NIST 800-171 Compliance Checklist: All 110 Controls Organized by Priority

Why a Prioritized NIST 800-171 Checklist Matters for Defense Contractors

If your organization handles Controlled Unclassified Information (CUI) under a Department of Defense contract, NIST 800-171 compliance is not optional. It is a contractual obligation embedded in DFARS clause 252.204-7012, and DoD auditors are actively verifying it. The challenge most compliance managers face is not finding the list of controls — it is knowing where to start and what to tackle first when resources are limited and timelines are tight.

This checklist organizes all 110 controls across NIST SP 800-171's 14 control families by implementation priority: high, medium, and foundational. Use it as a working document alongside your System Security Plan (SSP) and Plan of Action and Milestones (POA&M). For a deeper orientation on the standard itself, see The Ultimate Beginner's Guide to NIST SP 800-171 Compliance.

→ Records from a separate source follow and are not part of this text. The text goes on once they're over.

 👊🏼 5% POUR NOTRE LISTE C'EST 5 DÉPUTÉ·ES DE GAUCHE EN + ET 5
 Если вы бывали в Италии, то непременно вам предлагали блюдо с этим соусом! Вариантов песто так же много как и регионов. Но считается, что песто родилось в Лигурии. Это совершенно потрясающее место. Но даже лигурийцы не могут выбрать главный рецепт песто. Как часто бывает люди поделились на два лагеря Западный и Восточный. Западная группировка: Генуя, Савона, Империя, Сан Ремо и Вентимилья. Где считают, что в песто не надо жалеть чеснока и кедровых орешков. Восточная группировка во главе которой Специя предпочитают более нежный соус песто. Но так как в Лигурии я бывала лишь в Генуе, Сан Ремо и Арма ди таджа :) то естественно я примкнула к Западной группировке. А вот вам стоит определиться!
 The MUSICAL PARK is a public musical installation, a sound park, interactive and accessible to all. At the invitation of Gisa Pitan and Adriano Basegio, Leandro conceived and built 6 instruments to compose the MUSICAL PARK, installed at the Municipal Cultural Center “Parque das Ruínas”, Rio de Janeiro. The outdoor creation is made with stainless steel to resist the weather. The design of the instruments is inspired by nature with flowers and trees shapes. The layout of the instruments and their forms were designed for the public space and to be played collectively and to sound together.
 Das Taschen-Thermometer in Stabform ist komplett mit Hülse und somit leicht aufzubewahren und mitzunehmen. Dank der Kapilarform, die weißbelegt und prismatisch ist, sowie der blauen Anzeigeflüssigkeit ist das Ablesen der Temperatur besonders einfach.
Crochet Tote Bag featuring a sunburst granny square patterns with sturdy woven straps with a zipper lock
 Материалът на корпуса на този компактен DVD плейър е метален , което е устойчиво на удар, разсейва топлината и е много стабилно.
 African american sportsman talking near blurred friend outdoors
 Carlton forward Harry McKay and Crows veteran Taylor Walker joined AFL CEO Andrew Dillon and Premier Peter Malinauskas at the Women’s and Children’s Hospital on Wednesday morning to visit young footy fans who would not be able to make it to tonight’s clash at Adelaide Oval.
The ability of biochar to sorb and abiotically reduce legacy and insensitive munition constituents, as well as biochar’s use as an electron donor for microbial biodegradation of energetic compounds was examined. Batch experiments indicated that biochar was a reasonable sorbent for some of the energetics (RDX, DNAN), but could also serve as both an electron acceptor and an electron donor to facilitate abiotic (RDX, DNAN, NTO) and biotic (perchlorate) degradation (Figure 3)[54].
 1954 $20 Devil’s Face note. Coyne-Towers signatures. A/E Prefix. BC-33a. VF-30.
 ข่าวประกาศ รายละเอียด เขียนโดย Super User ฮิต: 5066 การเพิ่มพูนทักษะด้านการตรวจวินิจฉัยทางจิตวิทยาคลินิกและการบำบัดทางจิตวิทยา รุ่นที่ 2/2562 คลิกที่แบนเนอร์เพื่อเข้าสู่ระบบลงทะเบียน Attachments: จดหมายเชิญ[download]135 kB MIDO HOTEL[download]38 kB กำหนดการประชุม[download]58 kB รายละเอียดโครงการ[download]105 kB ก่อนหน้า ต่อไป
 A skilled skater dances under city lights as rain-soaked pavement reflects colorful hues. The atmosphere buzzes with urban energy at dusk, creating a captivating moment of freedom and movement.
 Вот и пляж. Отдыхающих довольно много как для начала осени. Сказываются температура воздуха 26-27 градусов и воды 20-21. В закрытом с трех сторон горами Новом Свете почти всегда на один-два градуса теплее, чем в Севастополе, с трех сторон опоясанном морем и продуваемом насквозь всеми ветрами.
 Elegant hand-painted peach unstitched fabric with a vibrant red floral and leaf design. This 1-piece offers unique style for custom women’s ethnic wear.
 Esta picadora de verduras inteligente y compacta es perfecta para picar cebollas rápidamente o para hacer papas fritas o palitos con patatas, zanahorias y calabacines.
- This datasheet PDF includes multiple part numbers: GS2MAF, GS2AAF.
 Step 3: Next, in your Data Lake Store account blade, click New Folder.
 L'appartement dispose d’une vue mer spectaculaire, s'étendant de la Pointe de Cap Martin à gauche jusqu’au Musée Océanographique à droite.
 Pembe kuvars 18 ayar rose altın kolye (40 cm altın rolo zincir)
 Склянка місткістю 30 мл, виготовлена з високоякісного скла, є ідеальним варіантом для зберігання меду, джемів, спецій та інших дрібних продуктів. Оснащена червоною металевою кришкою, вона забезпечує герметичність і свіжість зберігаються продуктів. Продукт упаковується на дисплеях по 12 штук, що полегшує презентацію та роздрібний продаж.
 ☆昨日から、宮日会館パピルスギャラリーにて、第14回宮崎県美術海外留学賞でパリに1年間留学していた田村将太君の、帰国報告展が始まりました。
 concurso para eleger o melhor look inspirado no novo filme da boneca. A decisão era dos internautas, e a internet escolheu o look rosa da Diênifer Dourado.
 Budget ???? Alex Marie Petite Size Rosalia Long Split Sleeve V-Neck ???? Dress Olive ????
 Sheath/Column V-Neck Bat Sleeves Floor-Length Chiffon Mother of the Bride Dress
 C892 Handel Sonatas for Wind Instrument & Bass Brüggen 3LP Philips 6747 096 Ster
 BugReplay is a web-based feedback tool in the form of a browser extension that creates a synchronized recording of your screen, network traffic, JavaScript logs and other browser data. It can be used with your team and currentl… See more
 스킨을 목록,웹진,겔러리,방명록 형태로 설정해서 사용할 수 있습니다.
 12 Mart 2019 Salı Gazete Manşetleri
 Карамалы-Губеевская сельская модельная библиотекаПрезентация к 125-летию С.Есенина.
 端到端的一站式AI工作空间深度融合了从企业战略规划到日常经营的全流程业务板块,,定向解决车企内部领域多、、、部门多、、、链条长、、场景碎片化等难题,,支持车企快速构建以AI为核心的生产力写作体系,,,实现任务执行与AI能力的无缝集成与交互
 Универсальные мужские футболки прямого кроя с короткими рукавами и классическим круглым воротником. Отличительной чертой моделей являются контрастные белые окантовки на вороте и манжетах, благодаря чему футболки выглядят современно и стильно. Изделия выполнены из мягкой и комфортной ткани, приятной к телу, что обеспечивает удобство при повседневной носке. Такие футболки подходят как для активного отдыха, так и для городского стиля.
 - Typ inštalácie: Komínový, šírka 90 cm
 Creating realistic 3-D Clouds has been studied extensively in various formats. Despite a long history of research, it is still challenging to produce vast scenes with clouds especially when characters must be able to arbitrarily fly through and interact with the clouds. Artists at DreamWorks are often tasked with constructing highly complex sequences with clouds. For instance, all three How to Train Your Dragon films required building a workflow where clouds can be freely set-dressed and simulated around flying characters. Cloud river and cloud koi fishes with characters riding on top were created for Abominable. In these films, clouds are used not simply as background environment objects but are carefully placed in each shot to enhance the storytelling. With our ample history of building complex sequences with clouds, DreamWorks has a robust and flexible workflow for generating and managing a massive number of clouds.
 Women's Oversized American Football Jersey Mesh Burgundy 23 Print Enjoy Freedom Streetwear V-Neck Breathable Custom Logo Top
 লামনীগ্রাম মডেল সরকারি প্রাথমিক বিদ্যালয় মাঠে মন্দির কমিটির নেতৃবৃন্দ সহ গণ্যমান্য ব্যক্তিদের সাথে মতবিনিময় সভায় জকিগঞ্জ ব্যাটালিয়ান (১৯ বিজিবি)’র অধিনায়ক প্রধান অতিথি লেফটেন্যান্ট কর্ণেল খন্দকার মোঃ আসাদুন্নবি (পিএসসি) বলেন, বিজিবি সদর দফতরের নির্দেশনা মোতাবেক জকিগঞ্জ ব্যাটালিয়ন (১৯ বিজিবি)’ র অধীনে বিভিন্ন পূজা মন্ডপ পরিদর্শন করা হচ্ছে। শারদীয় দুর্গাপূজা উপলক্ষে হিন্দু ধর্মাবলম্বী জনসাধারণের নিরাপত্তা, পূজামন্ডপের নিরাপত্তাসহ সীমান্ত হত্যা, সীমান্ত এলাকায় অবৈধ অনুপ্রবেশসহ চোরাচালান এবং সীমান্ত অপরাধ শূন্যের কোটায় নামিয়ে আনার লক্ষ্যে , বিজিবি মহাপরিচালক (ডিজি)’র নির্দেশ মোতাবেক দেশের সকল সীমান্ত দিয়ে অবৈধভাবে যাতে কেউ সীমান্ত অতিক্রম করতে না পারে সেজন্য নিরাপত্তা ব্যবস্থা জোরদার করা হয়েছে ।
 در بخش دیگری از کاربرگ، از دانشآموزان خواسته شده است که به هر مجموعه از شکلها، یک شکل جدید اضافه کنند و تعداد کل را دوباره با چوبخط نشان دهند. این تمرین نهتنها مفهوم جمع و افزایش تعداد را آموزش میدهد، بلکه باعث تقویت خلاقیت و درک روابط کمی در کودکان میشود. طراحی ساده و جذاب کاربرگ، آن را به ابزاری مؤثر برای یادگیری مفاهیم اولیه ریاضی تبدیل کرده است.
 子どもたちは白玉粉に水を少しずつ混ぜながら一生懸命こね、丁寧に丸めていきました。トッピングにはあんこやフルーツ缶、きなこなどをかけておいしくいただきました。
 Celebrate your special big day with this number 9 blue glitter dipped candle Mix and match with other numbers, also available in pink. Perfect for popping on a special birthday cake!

Understanding the 14 Control Families

NIST SP 800-171 groups its 110 security requirements into 14 families. Each family addresses a distinct area of CUI protection. Before diving into priorities, compliance teams should understand what each family governs:

• Access Control (AC) — 22 controls governing who can reach CUI systems and data
• Awareness and Training (AT) — 3 controls ensuring personnel understand security responsibilities
• Audit and Accountability (AU) — 9 controls requiring logging, monitoring, and review of system activity
• Configuration Management (CM) — 9 controls covering baseline configurations and change control
• Identification and Authentication (IA) — 11 controls for verifying user and device identities
• Incident Response (IR) — 3 controls for detecting, reporting, and recovering from security incidents
• Maintenance (MA) — 6 controls for controlled system maintenance activities
• Media Protection (MP) — 9 controls for protecting and sanitizing CUI-bearing media
• Personnel Security (PS) — 2 controls governing personnel screening and termination
• Physical Protection (PE) — 6 controls limiting physical access to CUI systems
• Risk Assessment (RA) — 3 controls requiring periodic risk evaluations
• Security Assessment (CA) — 4 controls for evaluating and monitoring security controls
• System and Communications Protection (SC) — 16 controls for network boundaries and data in transit
• System and Information Integrity (SI) — 7 controls for malware protection, patching, and alerting

For a comparison between this framework and the broader NIST SP 800-53, see our post on Essential Differences: NIST SP 800-171 and NIST SP 800-53 Explained.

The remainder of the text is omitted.